Perda itu diusulkan direvisi lantaran sanksi administrasi yang diberlakukan selama ini dianggap sudah tidak mempan


Revisi Perda Covid-19 Bakal Disahkan Akhir Juli 2021, Pelanggar Prokes Siap Dipidana
Wakil Ketua DPRD DKI Jakarta dari Fraksi Partai gerindra, M Taufik (AKURAT.CO/Yohanes Antonius)

AKURAT.CO, DPRD DKI Jakarta mengebut pembahasan revisi Peraturan Daerah (Perda) Nomor 2 Tahun  2020 tentang Penanggulangan Covid-19 setelah menerima draf revisi peraturan itu dari Pemerintah Provinsi DKI pada Rabu (21/7/2021) kemarin. 

Perda itu diusulkan direvisi lantaran sanksi administrasi yang diberlakukan selama ini dianggap sudah tidak mempan.

Tak ada efek jera dari sanksi tersebut, sehingga Gubernur Anies Baswedan dan jajarannya mengusul adanya sanksi pidana bagi warga yang berulang melanggar peraturan kesehatan pada masa pandemi Covid-19.

Wakil Ketua DPRD DKI Jakarta M Taufik mengatakan, pihaknya bakal mengebut pembahasan revisi peraturan itu, targetnya pada akhir Juli 2021, peraturan terbaru itu sudah disahkan dalam dalam rapat Paripurna yang sedianya digelar pada Kamis 29 Juli 2020 pukul 10.00 WIB

“Bapemperda DPRD DKI bersama eksekutif terkait akan segera mencermati dan menyampaikan hasilnya pada Paripurna,"  kata M Taufik ketika dikonfirmasi Kamis (22/7/2021).

Walau draf revisi Perda itu baru diterima DPRD DKI Jakarta, namun Taufik mengaku pihaknya akan setuju dengan perubahan yang diusulkan mengingat penularan corona di Jakarta pada ledakan gelombang kedua ini semakin mengerikan.
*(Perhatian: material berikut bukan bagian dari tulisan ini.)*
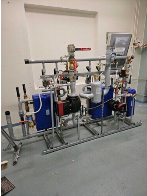
Uuden osan lämmönjakopaketti asennukset vanhassa terkkarin tilassa

Dengan adanya pasal pidana dalam  revisi Perda itu, Taufik berharap pengendalian penularan wabah mematikan itu bisa segera teratasi.

"Insyaallah (DPRD) setuju karena ini untuk kepentingan masyarakat, untuk kepentingan Jakarta ke depan, dan kesehatan masyarakat," tuturnya.

Terpisah, Wakil Gubernur DKI Jakarta, Ahmad Riza Patria mengatakan, selain menambahkan pasal pidana, dalam revisi peraturan itu, pihaknya juga memberi hak kepada Satuan Polisi Pamong Praja (Pol PP) untuk melakukan penyedikan kepada pelanggar prokes.

"Sudah menjadi aturan dan ketentuannya bahwa ada PNS yang memiliki kualifikasi dan kewenangan sebagai penyidik," kata Wakil Gubernur DKI Jakarta, Ahmad Riza Patria di Balai Kota DKI Jakarta, Jalan Medan Merdeka Selatan, Jakarta Pusat, Kamis (22/7/2021).

Lebih lanjut Ariza menjelaskan, hukuman pidana itu tak serta serta merta dikenakan kepada warga yang kedapatan melanggar, mereka yang dikenakan sanksi pidana adalah warga yang sudah berkali-kali melakukan pelanggaran yang sama.

"Diberikan sanksi ini dipidanakan bagi mereka yang mengulang-ulang atau sembunyi-sembunyi melanggar ketentuan prokes," tuturnya

Berikut bunyi usulan revisi Perda Covid-19 DKI Jakarta soal sanksi bagi pelanggar prokes:

Pasal 32A 

(1) Setiap orang yang mengulangi perbuatan tidak menggunakan Masker setelah dikenakan sanksi berupa kerja sosial atau denda administratif sebagaimana dimaksud dalam Pasal 9 ayat (1), dipidana dengan kurungan paling lama 3 (tiga) bulan atau denda paling banyak Rp500.000,00 (lima ratus ribu rupiah). 

(2)Pelaku usaha, pengelola, penyelenggara, atau penanggung jawab perkantoran/tempat kerja, tempat usaha, tempat industri, perhotelan/penginapan lain yang sejenis dan tempat wisata yang mengulangi perbuatan pelanggaran protokol pencegahan Covid-19 setelah dikenakan sanksi berupa pencabutan izin sebagaimana dimaksud dalam Pasal 14 Ayat (4) huruf f, dipidana dengan kurungan paling lama 3 (tiga) bulan atau denda paling banyak Rp50.000.000,00 (lima puluh juta rupiah). 

(3)Pelaku usaha, pengelola, penyelenggara, atau penanggung jawab transportasi umum, termasuk perusahaan aplikasi transportasi daring yang mengulangi perbuatan pelanggaran protokol pencegahan Covid- 19 setelah dikenakan sanksi berupa pencabutan izin sebagaimana dimaksud dalam Pasal 14 Ayat (5) huruf c, dipidana dengan kurungan paling lama 3 (tiga) bulan atau denda paling banyak Rp50.000.000,00 (lima puluh juta rupiah). 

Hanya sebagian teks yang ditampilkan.